Corresponding BibTeX entry:

  @Article{,
    title = {InPAS: An R/Bioconductor Package for Identifying Novel
      Polyadenylation Sites and Alternative Polyadenylation from Bulk
      RNA-seq Data},
    author = {Jianhong Ou and Haibo Liu and Sungmi Park and Michael R.
      Green and Lihua Julie Zhu},
    journal = {FBS},
    volume = {16},
    year = {2024},
    number = {4},
    pages = {21},
    url =
      {https://www.imrpress.com/journal/FBS/16/4/10.31083/j.fbs1604021},
    doi = {10.31083/j.fbs1604021},
    issn = {1945-0516},
    abstract = {Background: Alternative cleavage and polyadenylation
      (APA) is a crucial post-transcriptional gene regulation mechanism
      that regulates gene expression in eukaryotes by increasing the
      diversity and complexity of both the transcriptome and proteome.

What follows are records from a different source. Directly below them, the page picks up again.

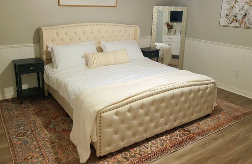 The home can accommodate up to 8 guests plus a baby with the 3 beds/bedrooms (1 King, 2 Queen), 1 Queen blowup mattress, and a crib.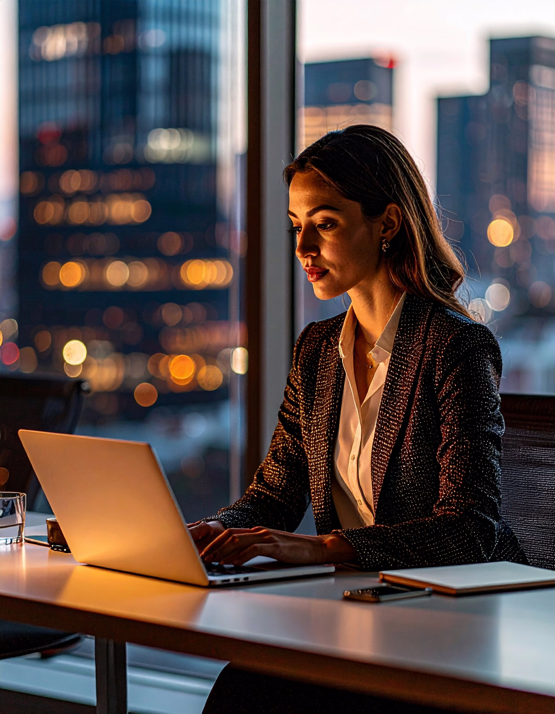 A focused executive works on her laptop in a modern office, featuring a stunning night view of the illuminated city. This image captures an ambiance of concentration and professionalism in a sophistic...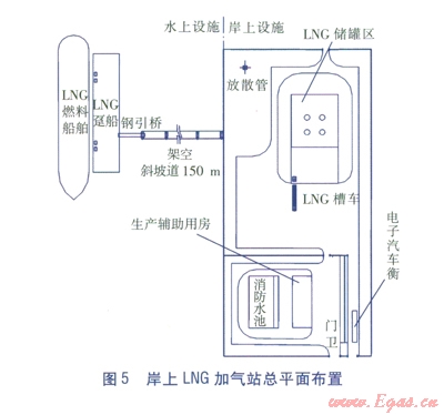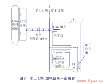 該方案是將LNG的裝卸、儲存及配套的供電、消防、控制設(shè)施設(shè)在岸上的LNG站區(qū)內(nèi),水上的躉船上不設(shè)LNG儲罐,只設(shè)LNG加氣機、加氣臂等加氣設(shè)施,進行岸上儲存、船上加氣作業(yè)。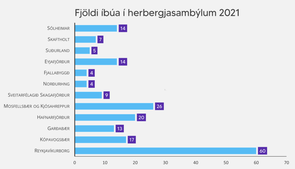 Á myndinni er súlurit sem sýnir fjölda íbúa í herbergjasambýlum 2021 eftir 10 sveitarfélögum og 2 samfélögum. Á Sólheimum búa 14 í herbergjasambýlum, í Skaftholti eru það 7, á Suðurlandi 5, í Eyjafirði 14, í Fjallabyggð 4, í Norðurþingi 4, í Sveitarfélaginu Skagafirði 9, í Mosfellsbæ og Kjósahreppi 26, í Hafnarfirði 20, í Garðabæ 13, í Kópavogsbæ 17 og í Reykjavíkurborg 60.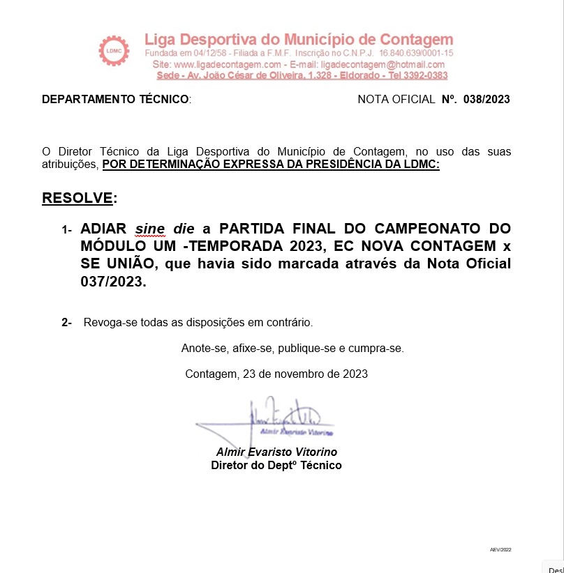 A final do Módulo Dois da LDMC 2023, marcado para o dia 26 de novembro, na arena CSU Amazonas, entre Nova Contagem e União, foi mais uma vez adiado.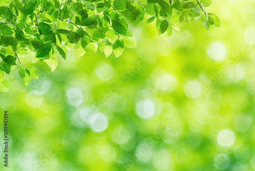 Fototapeta premium Lush green leaves hang from branches, framing a sun-drenched background of soft, blurred bokeh circles in varying shades of verdant green and yellow
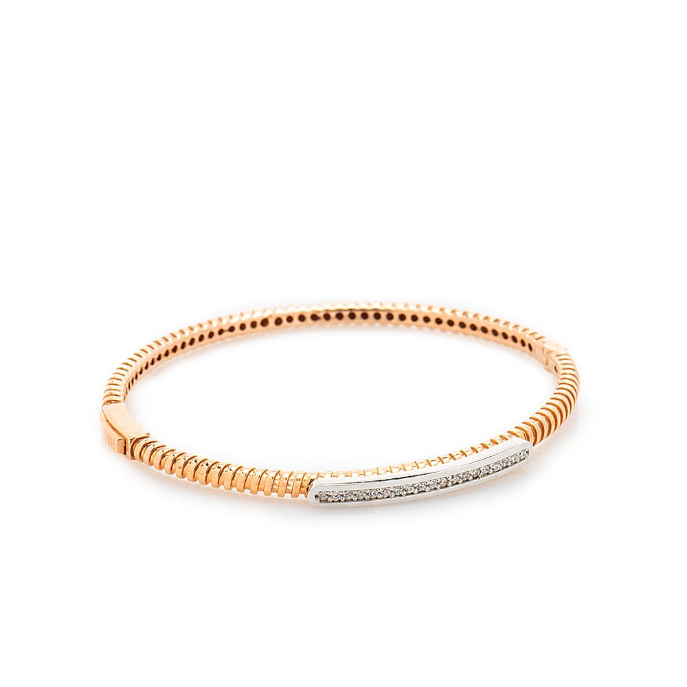 Твърда гривна от бяло и розово злато, с бели цирконий, 11,49гр.

      Despite the development of more than a dozen experimental methods
      over the last decade to identify and quantify APA events,
      widespread adoption of these methods has been limited by
      technical, financial, and time constraints. Consequently, APA
      remains poorly understood in most eukaryotes. However, RNA
      sequencing (RNA-seq) technology has revolutionized transcriptome
      profiling and recent studies have shown that RNA-seq data can be
      leveraged to identify and quantify APA events. Results: To fully
      capitalize on the exponentially growing RNA-seq data, we
      developed InPAS (Identification of Novel alternative
      PolyAdenylation Sites), an R/Bioconductor package for accurate
      identification of novel and known cleavage and polyadenylation
      sites (CPSs), as well as quantification of APA from RNA-seq data
      of various experimental designs. Compared to other APA analysis
      tools, InPAS offers several important advantages, including the
      ability to detect both novel proximal and distal CPSs, to fine
      tune positions of CPSs using a naive Bayes classifier based on
      flanking sequence features, and to identify APA events from
      RNA-seq data of complex experimental designs using linear models.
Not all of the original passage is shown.